◆ **Problem to solve**:
Could you set down the listing below exactly, leaving out its pictures?

◆ **Recorded information**:
-=-=-

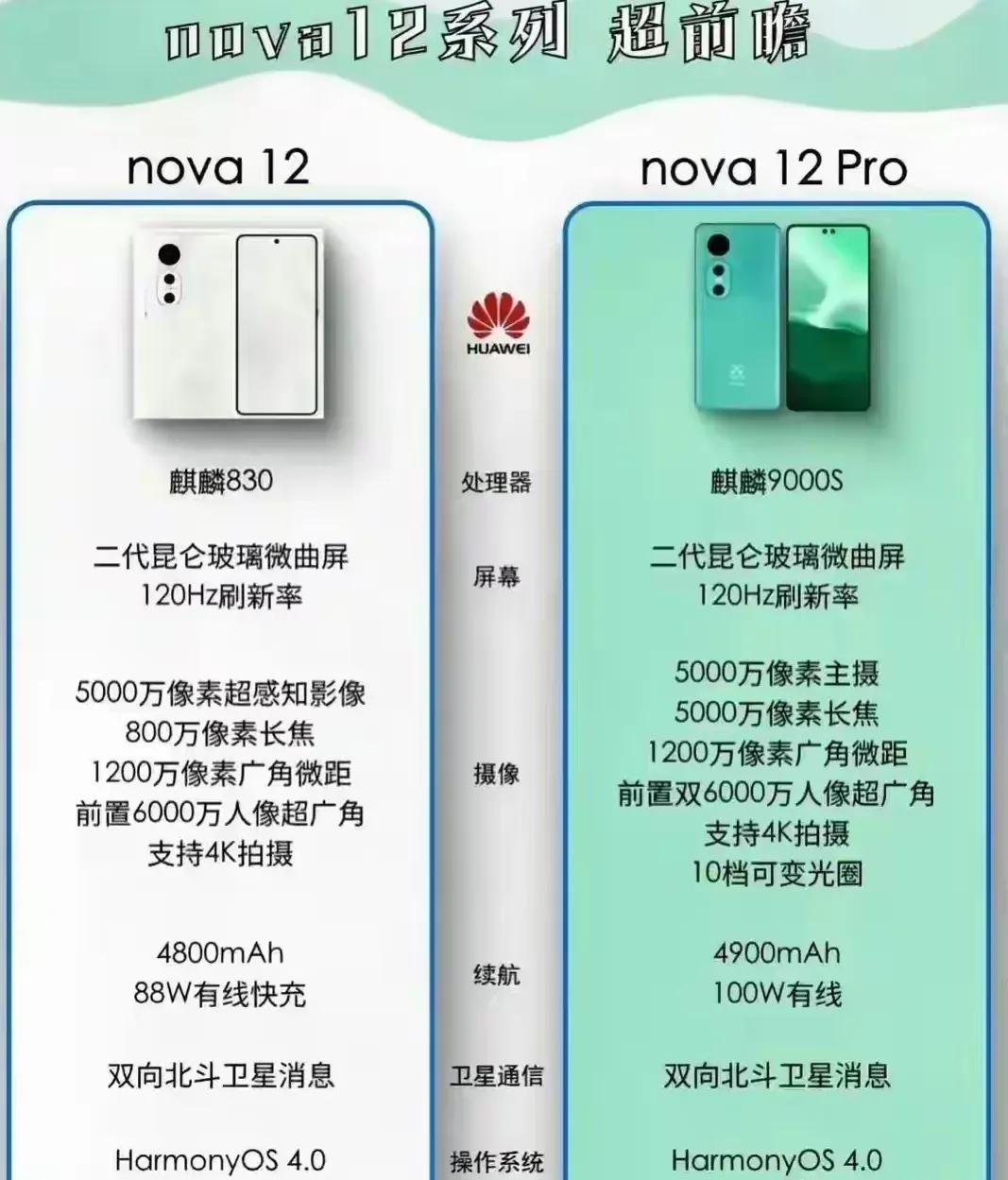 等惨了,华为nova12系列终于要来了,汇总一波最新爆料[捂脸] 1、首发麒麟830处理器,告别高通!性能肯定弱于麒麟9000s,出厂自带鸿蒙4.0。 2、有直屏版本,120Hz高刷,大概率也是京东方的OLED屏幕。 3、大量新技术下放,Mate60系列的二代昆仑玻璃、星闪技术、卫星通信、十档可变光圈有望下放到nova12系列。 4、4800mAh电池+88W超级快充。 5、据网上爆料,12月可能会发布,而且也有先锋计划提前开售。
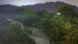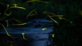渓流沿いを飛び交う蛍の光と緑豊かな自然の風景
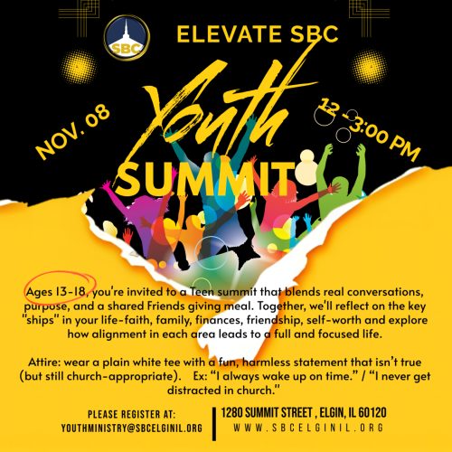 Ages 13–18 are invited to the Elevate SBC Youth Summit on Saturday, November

-=-=-

◆ **Response area**:
 等惨了,华为nova12系列终于要来了,汇总一波最新爆料[捂脸] 1、首发麒麟830处理器,告别高通!性能肯定弱于麒麟9000s,出厂自带鸿蒙4.0。 2、有直屏版本,120Hz高刷,大概率也是京东方的OLED屏幕。 3、大量新技术下放,Mate60系列的二代昆仑玻璃、星闪技术、卫星通信、十档可变光圈有望下放到nova12系列。 4、4800mAh电池+88W超级快充。 5、据网上爆料,12月可能会发布,而且也有先锋计划提前开售。
渓流沿いを飛び交う蛍の光と緑豊かな自然の風景
 Ages 13–18 are invited to the Elevate SBC Youth Summit on Saturday, November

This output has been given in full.